The motorcycling world loves a 'barn find', an old, obscure machine
wheeled out of the woodwork for the first time.
And this is one of the biggest revelations of recent months.
It's a 1930 Henderson that was customized before WW2 by a fellow called O. Ray Courtney and fitted with 'streamliner' bodywork.
One night in March, 1950, O. Ray Courtney worked until two a.m. and drove home discouraged. He was trying to design a better motorcycle. He wanted one with the seat forward, with better cooling, better springing and a more beautiful body. Discarded sketches littered the floor of his shop. That night in a dream he saw a streamlined beauty skim across a flowered field. Too excited to report for work the next day, he hastily put his dream on paper - and he is riding that dream cycle now through the streets of Pontiac, Mich.

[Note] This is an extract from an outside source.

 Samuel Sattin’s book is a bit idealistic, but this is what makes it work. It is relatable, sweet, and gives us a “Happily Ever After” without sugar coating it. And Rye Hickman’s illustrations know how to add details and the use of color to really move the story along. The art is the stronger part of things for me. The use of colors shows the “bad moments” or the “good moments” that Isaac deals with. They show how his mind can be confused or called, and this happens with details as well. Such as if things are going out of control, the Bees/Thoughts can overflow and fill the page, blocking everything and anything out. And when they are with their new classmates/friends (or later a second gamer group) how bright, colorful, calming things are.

The art deco influence is obvious; legendary automotive
designer Harley Earl could have drawn those curves.
It's all the more unusual because the mechanicals are hidden: even at the height
of the Art Deco movement, most motorcycles were a triumph of form over function,
with exposed cooling fins, brake drums and suspension springs. The bike is owned
by collector Frank Westfall of Syracuse . It caused a stir in June 2010
when it appeared at the Rhinebeck Grand National Meet, a motorcycle show held a
couple of hours drive north of NYC.
Henderson was a Chicago brand and one of the American 'Big Three' (with Harley-Davidson and Indian) until the onset of the Great Depression. It went bust in 1931. But you can see the influence of the 'streamliner' style on another contemporary North American brand : Victory. If there's a spiritual successor to this Henderson custom, it's the Victory Vision Tour, a gargantuan cruiser with completely enclosed bodywork and not a leather tassel or saddlebag in sight.